Supplied data
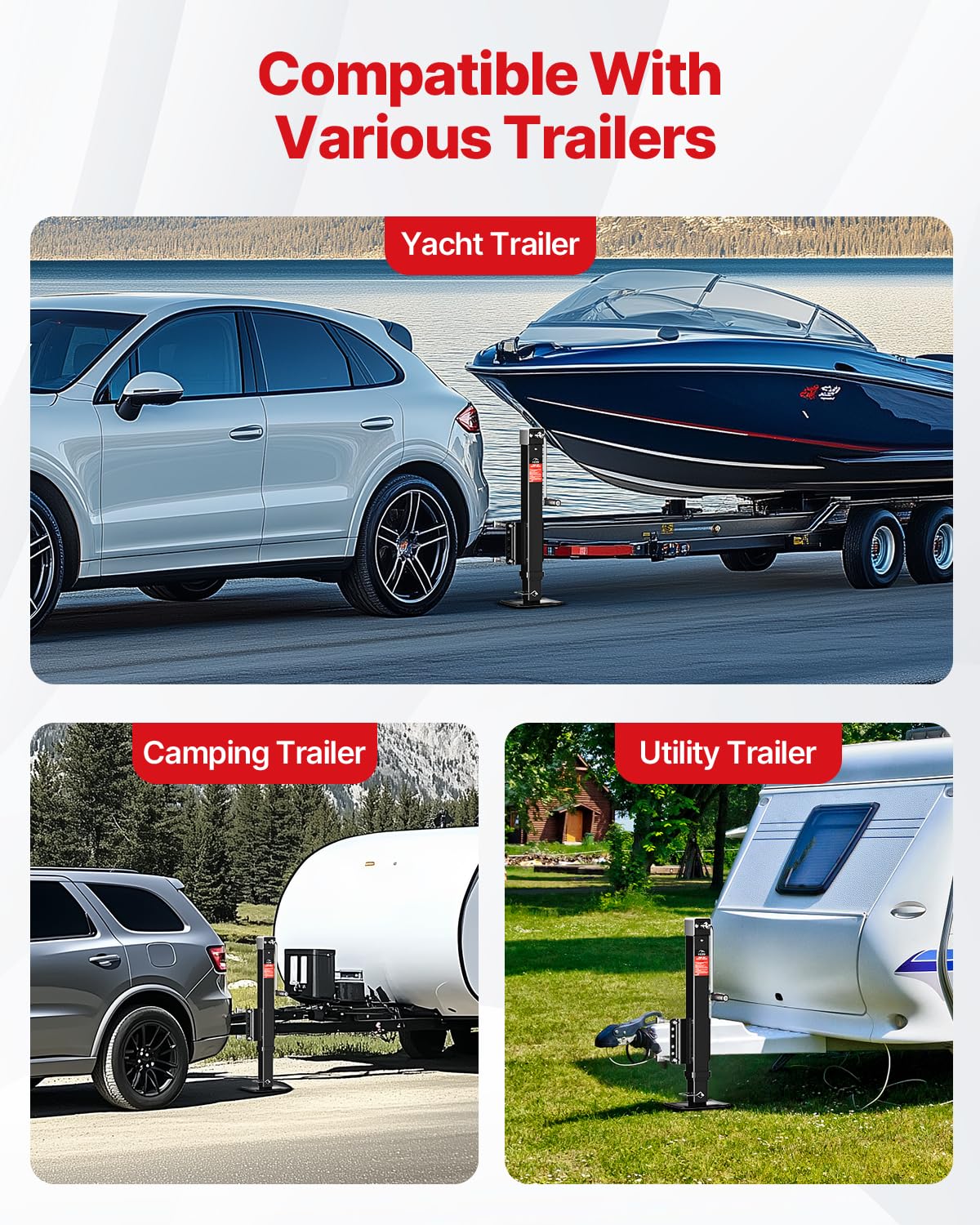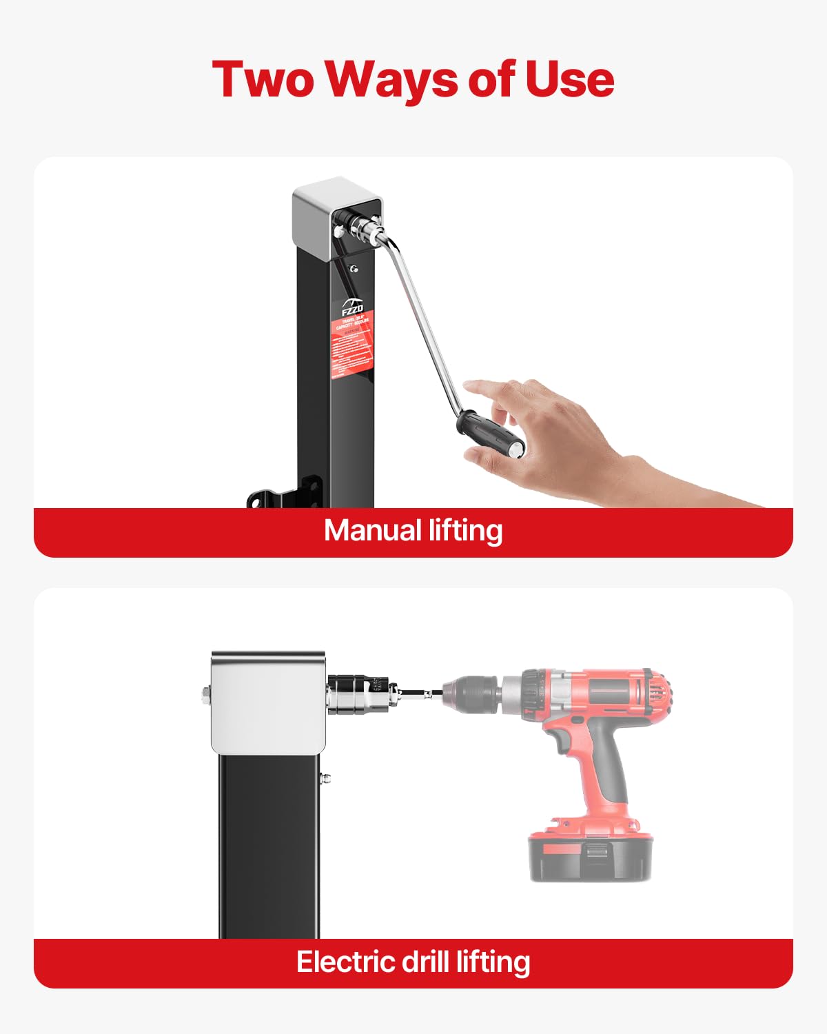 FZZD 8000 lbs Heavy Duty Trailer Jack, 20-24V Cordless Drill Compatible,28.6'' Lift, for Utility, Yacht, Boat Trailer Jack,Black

==

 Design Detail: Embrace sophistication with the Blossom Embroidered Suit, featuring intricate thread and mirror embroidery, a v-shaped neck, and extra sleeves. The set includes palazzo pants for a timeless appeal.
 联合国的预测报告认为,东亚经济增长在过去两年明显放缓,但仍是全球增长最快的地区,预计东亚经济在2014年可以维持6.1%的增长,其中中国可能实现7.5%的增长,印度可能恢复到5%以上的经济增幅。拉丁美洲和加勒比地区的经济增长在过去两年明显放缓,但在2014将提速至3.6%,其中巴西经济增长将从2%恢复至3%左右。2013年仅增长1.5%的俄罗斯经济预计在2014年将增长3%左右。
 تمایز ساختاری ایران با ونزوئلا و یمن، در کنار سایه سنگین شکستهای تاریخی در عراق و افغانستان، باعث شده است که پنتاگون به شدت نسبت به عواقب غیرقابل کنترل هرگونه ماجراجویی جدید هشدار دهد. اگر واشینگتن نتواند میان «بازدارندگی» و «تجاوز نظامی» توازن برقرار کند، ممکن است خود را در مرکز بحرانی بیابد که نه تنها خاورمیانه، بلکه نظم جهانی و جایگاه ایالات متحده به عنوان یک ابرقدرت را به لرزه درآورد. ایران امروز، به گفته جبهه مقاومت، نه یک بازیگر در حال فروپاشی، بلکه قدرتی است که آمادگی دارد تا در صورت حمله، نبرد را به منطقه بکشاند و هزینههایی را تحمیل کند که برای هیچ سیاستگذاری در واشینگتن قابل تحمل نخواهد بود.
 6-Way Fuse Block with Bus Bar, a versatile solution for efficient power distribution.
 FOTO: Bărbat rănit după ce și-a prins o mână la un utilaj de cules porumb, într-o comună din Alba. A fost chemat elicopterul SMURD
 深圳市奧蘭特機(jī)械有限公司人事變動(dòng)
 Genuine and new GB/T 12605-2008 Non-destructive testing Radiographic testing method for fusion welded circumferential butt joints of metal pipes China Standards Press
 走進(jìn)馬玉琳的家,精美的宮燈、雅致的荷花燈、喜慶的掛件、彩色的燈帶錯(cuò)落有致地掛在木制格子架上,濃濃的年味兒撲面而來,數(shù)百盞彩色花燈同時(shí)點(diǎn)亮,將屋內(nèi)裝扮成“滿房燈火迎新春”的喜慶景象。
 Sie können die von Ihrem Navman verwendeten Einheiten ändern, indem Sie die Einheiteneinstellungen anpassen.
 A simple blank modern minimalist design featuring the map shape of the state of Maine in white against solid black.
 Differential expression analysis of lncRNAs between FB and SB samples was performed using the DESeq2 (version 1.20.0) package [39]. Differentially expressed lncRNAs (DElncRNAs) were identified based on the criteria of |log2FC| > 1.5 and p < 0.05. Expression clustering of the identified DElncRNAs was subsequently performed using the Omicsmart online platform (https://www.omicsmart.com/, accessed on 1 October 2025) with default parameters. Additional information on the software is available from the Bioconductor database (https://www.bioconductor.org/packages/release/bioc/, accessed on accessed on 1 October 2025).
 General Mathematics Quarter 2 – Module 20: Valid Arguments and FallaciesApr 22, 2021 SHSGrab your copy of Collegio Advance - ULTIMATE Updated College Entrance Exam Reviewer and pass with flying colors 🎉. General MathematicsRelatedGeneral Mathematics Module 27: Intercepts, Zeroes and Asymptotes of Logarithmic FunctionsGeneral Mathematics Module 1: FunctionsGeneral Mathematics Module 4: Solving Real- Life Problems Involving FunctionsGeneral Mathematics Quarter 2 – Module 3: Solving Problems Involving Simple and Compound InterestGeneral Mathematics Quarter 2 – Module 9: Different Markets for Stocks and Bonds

Problem
Please reproduce, exactly as they appear above, the lines from the line containing "深圳市奧蘭特機(jī)械有限公司人事變動(dòng)" up to and including the line containing "Genuine and new".

Output for this exercise
 深圳市奧蘭特機(jī)械有限公司人事變動(dòng)
 Genuine and new GB/T 12605-2008 Non-destructive testing Radiographic testing method for fusion welded circumferential butt joints of metal pipes China Standards Press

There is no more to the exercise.